On 12/5/05, David Link <dlink@soundscan.com> wrote: > Hi, This has become a major problem for us. Thank you in advance for > your help. > > OS: SUSE Linux 2.6.5-7.191-bigsmp > PostgreSQL: 7.4.8 > Application: ModPerl Web application using DBI.pm > Database size: 100 Gb, 1025 Tables. > > Problem: EXPLAIN SELECT ... does not return. > > Description: > > The Application uses an EXPLAIN cost to determine whether a client's dynamic > request for data is too demanding for the server so it can gracefully deny > them. (Currently, anything over cost=0.00..500000.00). > > The system gets about 3000 page requests a day. > > Certain SQL Queries, I believe those with many table joins, when run as > EXPLAIN plans, never return.
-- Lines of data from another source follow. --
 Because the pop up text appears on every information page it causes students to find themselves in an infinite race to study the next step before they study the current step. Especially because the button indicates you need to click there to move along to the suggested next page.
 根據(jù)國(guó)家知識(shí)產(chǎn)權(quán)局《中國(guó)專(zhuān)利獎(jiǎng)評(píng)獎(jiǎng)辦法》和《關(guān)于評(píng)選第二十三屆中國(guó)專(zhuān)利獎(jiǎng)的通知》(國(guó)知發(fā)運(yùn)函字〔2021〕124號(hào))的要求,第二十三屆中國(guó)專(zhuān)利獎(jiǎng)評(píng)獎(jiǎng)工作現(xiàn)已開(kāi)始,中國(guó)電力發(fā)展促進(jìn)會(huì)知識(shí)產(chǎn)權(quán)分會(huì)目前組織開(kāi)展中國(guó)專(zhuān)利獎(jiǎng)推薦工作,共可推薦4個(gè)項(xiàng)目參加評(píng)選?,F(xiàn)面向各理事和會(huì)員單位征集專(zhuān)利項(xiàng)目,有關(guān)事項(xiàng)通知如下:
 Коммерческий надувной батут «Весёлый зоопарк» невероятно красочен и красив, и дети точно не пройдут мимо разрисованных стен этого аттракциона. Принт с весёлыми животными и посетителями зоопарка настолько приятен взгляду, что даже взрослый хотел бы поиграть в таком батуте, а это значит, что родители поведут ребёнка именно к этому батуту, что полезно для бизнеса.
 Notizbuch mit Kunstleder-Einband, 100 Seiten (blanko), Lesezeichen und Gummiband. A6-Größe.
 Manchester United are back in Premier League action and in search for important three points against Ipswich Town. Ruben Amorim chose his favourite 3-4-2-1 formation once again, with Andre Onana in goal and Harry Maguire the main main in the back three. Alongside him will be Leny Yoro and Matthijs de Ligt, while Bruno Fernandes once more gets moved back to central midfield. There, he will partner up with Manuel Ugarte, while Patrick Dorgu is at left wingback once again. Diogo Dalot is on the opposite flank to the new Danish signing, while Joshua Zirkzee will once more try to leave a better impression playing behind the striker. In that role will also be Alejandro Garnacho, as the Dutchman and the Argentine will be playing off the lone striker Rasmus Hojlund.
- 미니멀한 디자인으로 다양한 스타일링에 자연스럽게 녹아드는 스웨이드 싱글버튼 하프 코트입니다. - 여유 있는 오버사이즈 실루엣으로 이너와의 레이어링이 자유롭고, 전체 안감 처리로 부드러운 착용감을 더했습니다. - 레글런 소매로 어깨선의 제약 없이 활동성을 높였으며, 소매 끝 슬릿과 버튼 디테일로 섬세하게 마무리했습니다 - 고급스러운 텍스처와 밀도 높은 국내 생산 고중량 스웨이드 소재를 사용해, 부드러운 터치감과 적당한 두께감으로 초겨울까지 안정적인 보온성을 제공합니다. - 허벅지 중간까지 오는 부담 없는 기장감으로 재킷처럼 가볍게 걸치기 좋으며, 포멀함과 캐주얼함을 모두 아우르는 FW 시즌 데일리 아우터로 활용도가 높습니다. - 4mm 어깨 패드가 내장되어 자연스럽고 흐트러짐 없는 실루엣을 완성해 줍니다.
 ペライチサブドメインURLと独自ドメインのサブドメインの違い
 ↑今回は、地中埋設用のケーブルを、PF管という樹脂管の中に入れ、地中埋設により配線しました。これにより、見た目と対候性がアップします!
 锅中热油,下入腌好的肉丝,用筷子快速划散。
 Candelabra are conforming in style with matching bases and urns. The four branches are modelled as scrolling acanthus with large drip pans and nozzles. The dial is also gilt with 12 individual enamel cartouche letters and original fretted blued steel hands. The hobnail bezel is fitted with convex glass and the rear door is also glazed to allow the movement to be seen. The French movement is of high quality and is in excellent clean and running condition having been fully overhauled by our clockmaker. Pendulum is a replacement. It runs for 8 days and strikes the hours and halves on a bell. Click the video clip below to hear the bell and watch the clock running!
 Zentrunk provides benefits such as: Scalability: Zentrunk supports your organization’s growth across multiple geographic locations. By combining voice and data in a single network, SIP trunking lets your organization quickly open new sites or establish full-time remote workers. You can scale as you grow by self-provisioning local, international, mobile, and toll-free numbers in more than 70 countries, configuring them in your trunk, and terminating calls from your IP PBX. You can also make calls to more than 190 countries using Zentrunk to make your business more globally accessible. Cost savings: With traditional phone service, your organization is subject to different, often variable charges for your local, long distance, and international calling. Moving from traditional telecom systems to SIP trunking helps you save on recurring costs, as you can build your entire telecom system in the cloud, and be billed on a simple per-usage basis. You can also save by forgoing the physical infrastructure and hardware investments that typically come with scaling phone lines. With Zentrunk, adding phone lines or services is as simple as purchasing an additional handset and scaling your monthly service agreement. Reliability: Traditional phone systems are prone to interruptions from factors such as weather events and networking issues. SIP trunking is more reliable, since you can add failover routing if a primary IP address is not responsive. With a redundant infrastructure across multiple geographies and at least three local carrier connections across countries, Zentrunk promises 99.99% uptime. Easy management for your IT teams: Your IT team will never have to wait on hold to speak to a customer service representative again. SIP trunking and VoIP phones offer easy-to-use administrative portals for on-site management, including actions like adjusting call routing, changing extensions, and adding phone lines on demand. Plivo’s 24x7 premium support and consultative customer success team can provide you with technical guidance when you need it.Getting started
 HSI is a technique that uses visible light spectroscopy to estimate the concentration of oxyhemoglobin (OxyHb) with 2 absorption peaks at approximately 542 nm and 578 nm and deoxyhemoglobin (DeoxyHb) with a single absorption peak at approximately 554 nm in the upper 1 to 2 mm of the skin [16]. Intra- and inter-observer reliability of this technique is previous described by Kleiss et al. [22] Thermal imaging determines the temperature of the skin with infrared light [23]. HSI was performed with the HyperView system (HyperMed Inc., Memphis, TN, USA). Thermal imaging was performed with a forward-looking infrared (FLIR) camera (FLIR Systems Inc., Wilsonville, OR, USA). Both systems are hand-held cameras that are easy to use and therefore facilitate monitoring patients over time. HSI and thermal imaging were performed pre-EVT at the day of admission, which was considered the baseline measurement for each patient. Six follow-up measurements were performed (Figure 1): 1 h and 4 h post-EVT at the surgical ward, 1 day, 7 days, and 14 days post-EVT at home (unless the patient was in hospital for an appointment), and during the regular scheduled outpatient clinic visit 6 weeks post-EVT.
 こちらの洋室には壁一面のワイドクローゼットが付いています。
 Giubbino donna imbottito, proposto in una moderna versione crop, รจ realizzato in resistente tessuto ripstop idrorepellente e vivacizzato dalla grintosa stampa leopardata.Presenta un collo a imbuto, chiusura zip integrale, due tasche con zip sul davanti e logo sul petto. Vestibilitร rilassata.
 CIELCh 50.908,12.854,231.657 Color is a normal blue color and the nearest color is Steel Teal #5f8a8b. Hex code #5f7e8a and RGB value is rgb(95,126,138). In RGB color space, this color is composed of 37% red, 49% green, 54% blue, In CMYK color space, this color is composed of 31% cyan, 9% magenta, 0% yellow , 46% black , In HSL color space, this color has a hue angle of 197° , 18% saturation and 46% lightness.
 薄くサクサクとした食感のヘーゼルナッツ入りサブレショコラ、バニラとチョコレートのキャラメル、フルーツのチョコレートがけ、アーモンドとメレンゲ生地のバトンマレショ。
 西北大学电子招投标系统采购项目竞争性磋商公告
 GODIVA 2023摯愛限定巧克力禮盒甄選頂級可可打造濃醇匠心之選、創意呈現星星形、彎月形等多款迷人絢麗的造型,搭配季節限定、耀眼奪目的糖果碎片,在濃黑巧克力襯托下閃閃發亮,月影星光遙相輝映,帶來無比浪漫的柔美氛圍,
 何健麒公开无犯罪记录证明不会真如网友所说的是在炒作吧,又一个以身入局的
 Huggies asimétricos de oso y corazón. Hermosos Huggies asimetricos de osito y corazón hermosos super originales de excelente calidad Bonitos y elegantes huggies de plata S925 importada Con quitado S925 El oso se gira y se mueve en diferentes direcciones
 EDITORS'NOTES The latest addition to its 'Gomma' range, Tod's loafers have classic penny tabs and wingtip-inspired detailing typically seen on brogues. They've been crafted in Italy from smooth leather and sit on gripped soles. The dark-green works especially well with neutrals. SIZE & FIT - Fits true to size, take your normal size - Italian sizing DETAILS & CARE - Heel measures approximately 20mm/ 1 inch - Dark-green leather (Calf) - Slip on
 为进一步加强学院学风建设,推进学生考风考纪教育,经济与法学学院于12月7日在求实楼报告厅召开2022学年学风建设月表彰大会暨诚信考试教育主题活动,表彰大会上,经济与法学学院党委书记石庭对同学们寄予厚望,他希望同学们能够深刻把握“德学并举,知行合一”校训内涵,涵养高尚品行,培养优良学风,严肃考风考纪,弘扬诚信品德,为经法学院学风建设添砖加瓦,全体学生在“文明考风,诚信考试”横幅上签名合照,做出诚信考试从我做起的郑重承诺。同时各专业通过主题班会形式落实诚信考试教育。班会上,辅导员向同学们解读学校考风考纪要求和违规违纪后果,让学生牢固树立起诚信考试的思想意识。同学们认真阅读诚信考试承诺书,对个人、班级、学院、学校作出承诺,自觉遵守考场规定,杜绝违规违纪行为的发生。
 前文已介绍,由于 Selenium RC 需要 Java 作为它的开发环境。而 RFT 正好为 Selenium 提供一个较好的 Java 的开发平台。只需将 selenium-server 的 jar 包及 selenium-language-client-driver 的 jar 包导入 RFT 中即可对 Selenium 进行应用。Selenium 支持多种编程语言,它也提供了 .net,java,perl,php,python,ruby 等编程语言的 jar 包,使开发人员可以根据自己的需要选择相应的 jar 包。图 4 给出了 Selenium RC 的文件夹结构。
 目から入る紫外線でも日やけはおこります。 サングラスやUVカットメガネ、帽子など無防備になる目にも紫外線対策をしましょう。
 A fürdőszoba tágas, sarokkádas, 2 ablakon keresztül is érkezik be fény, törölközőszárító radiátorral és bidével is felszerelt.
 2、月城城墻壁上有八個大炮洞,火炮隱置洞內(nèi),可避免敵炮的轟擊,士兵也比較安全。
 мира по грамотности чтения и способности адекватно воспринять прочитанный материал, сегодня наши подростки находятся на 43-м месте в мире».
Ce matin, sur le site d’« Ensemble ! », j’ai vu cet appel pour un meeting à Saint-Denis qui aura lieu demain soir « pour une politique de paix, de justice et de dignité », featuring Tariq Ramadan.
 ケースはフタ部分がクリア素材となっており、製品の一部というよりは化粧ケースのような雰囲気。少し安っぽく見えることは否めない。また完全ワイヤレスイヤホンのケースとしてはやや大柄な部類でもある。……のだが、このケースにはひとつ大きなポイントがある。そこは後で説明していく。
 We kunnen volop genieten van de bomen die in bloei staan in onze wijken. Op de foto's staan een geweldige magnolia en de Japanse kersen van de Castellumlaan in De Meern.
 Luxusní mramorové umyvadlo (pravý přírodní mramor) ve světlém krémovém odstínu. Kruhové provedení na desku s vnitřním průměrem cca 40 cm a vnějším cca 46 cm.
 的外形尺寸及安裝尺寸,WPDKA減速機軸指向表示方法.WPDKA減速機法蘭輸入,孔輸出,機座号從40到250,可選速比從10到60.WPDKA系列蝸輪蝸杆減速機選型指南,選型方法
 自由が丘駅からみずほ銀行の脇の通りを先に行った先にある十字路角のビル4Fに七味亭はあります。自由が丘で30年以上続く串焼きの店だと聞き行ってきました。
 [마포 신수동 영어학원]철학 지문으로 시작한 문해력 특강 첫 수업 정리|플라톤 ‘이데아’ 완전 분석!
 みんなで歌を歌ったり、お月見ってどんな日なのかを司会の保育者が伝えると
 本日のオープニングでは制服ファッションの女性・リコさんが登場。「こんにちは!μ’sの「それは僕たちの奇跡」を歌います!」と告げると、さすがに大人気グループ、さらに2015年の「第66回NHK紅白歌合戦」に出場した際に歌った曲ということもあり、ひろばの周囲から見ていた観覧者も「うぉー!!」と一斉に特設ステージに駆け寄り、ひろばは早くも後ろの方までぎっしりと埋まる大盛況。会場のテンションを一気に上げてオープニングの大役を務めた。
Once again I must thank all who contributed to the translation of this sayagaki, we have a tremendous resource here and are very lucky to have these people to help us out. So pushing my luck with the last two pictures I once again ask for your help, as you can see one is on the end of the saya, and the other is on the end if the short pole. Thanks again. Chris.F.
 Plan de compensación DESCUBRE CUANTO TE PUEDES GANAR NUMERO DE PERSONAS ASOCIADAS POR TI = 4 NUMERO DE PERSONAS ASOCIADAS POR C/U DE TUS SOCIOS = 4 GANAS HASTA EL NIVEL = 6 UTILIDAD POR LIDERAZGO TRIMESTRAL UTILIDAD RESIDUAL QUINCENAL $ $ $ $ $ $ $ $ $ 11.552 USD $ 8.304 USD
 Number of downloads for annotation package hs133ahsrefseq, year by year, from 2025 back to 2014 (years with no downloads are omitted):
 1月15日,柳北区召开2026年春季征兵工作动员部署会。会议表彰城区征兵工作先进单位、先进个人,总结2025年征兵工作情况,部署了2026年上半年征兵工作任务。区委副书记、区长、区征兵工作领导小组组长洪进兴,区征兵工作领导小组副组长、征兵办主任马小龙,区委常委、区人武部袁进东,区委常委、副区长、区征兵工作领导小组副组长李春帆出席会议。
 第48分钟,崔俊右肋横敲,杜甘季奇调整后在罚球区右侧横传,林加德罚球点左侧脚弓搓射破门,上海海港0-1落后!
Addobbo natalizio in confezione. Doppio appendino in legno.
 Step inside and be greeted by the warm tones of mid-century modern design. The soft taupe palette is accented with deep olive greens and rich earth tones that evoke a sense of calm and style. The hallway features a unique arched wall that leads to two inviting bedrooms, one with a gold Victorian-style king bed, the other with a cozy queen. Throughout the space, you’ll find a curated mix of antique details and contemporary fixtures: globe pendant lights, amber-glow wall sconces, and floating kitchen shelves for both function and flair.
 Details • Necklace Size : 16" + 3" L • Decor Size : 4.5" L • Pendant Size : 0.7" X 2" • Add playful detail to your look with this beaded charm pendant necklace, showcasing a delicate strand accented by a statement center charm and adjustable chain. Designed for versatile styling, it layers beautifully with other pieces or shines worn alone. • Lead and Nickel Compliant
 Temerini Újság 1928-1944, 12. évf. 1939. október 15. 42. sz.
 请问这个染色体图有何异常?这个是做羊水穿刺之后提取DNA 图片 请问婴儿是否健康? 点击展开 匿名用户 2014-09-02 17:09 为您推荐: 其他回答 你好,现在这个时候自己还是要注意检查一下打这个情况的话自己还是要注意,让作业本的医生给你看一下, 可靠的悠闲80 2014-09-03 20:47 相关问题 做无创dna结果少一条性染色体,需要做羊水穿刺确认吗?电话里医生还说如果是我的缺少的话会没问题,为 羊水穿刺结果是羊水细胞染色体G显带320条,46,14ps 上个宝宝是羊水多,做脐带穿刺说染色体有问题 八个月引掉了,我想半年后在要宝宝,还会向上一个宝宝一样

As a result they seem to stay churning in the > system. Once that happens other queries build up and the performance of the > whole database server grinds to a halt. Postgresql never dies, but > eventually, user requests start timing out. > > This happens on average two or three times a week. I kill an offending > process and all's well again. I have not been able to identify with > certainty > an offending SQL statement. > > Config params, that have changed from default: > > tcpip_socket = true > max_connections = 200 > shared_buffers = 2000 > sort_mem = 1048576 > vacuum_mem = 65536 > max_fsm_pages = 100000 > max_fsm_relations = 1000 > max_files_per_process = 1000 > fsync = false > wal_sync_method = fsync > wal_buffers = 800 > checkpoint_segments = 30 > commit_delay = 100 > commit_siblings = 50 > effective_cache_size = 1000 > random_page_cost = 4 > geqo = true > geqo_threshold = 14 > default_statistics_target = 100 > from_collapse_limit = 13 > join_collapse_limit = 13 > > Note: we load lumps of data ea. week. Then primarily it is a readonly > database. > > when you have thoses cases, you can take a look in pg_stats_activity to find the offending query... or simply logs all queries -- Atentamente, Jaime Casanova (DBA: DataBase Aniquilator ;)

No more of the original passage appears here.